Daneice, Devorah, Nanami, Nina.
Ellie and Yasmine. Isabella and Mary Grace.
Tamsin.
Twelve girls. Twelve pairs of pointe shoes knotted and slung carelessly over shoulders as the dancers crawled one by one out of the second story window and onto a nearby tree branch. Cal had to respect their ability to sneak out undetected—even with his car windows rolled all the way down, the only noise that came from the dark house was the rustle of the tree branches as the girls crept along and dropped like silent fruit onto the grass below. They walked out past the school property and piled into two different cars, hybrids that made no engine noise until they turned off their street.

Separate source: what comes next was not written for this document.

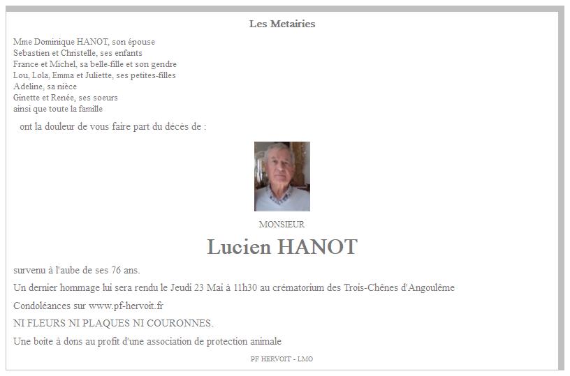 de Monsieur Lucien HANOT
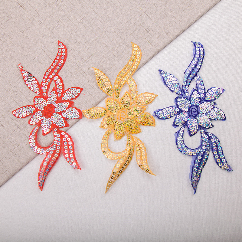 Home / Ethnic embroidery fabric with sequin stickers Flower LACE Patch Bridal Wedding Dress Embossed Beading Embroidery lace Appliques CA063

Cal put his car into drive and followed.
He had a plan, like he always did. He’d follow, get pictures, go home and sleep off this latest run of work. And then tomorrow he’d hand Purkiss the evidence, get his six hundred dollars, and move on to the next job. It wasn’t much of a life, but it was about what a divorced ex-soldier could expect. He was lucky to have stable work, however lonely it was.
And it was lonely. In the Army, you were never alone, not really. There was always someone to keep watch with you, always someone else who couldn’t sleep, always someone else squinting at the road alongside you looking for disturbed earth and foxholes. But there was some loneliness still. You missed your family, your friends, cold beer. You missed your own horizon, trees, snow, the Science Channel, 24-hour drugstores crammed with bright bags of junk food.
He’d stupidly thought coming home to his wife after his last tour would mean being cured of all kinds of lonely. How wrong he’d been; he’d never guessed that peculiar isolation of laying in bed next to a woman while remembering the pops and booms of desert guns, the scatter of bullets and the smell of gunpowder singed in the sun. The blood, the fear, the blood, the blood, the blood.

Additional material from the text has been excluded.